DARK SHADOWS FORUMS
Members' Mausoleum => Calendar Events / Announcements Archive => Calendar Events / Announcements '25 I => Calendar Events / Announcements '07 I => Topic started by: David on May 25, 2007, 03:49:34 PM
-
I haven't gotten it yet, it's on order, but McFarland Publishing has a new book called
The Changing Vampire of Film & Television.
A collage on the cover includes a shot I've seen elsewhere from 1968 of JF as Barnabas.
David
-
Indeed! Below is the link to Amazon. (hopefully it will work)
The Changing Vampire of Film And Television: A Critical Study of the Growth of a Genre (http://www.amazon.com/Changing-Vampire-Film-Television-Critical/dp/0786426764/ref=sr_1_1/105-1812647-7978849?ie=UTF8&s=books&qid=1180111800&sr=1-1)
-
Buzz!! Is it really you? You've been missed. Go over to Caption This and make fun of stuff immediately.
-
A collage on the cover includes a shot I've seen elsewhere from 1968 of JF as Barnabas.

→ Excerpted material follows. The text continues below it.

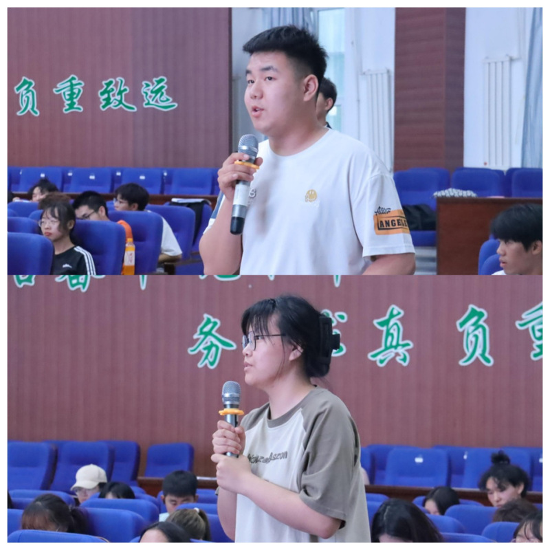 活动邀请到涂友春、任文文、任淑宁、郭彤四名优秀毕业生代表与同学们交流,以亲身经历为大家答疑解惑。交流过程中,毕业生代表们分别从不同角度和侧重点分享了自己的学习经验、工作体会和大学感悟,并对如何平衡学习与员工骨干工作的关系、如何备考考研等问题进行归纳解答,提出一套行之有效的方式方法。学姐们热情的解答让在座的同学们更加明确了未来的方向。毕业生代表们还鼓励学弟学妹们要积极规划、敢想敢拼,不负青春韶华。

Actually, it's a publicity shot from '67 for the Maggie kidnapping storyline. :) Anyone who has DVD set #1 will probably recognize it as the photo used for the postcard in that set. ;) And I believe it or a variation of it appears in the PomPress books...
-
Thanks, MB. I KNEW I'd seen that pic before.
Welcome back, Buzz.
Your irreverence was both missed & needed.
David
-
I would order this book with caution. McFarland deserves credit for publishing works that attempt a scholarly look at horror/fantasy films, but are notoriously high-priced.

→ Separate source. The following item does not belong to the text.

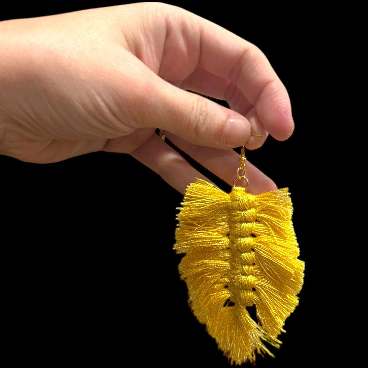 Upgrade your accessory game with our Dream Weaver Earrings. These statement pieces may look bold, but they are surprisingly lightweight. With a fun and boho vibe, these vibrant colors and retro feel will add a playful touch to any outfit. A must-have for any fashion lover.

I special-ordered "Terence Fisher: Horror, Myth and Religion" at my local bookseller, and was sorely disappointed when it came in and I saw how thin it was (208 pages.) But I felt obligated to purchase it, and the title and synposis intrigued me nonetheless. When I got it home and cracked it open, more disappointment ensued - it read more like an average college thesis than the work of a competent scholar/author.
McFarland has released a lot of books - surely some of them are good, hopefully this one will be.
-
I would order this book with caution. McFarland deserves credit for publishing works that attempt a scholarly look at horror/fantasy films, but are notoriously high-priced.

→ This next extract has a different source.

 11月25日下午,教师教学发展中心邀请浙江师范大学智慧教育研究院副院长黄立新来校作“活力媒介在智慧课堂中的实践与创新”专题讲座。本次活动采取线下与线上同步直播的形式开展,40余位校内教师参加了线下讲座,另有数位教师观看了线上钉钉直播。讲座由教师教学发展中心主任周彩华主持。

Unfortunately, $30-35 for a paperback from an academic press isn't out of the ordinary. I know someone who published a book within the past year or so through McFarland. They tend to publish stuff that wouldn't fly with some of the stodgier presses, usually involving the intersection of academia and pop culture. They're hardly iUniverse, but not everything they publish is wonderful, but you could say the same thing for Cambridge, Oxford, Routledge, or any other academic press (or any mass market press).
-
Apparently this was the guy's master's thesis: http://www.nu.edu/Community/AlumniandFriends/Newswire/newswiredec_20_2005/classnotes122005.html
-
Hey Buzz, welcome back. Where you been???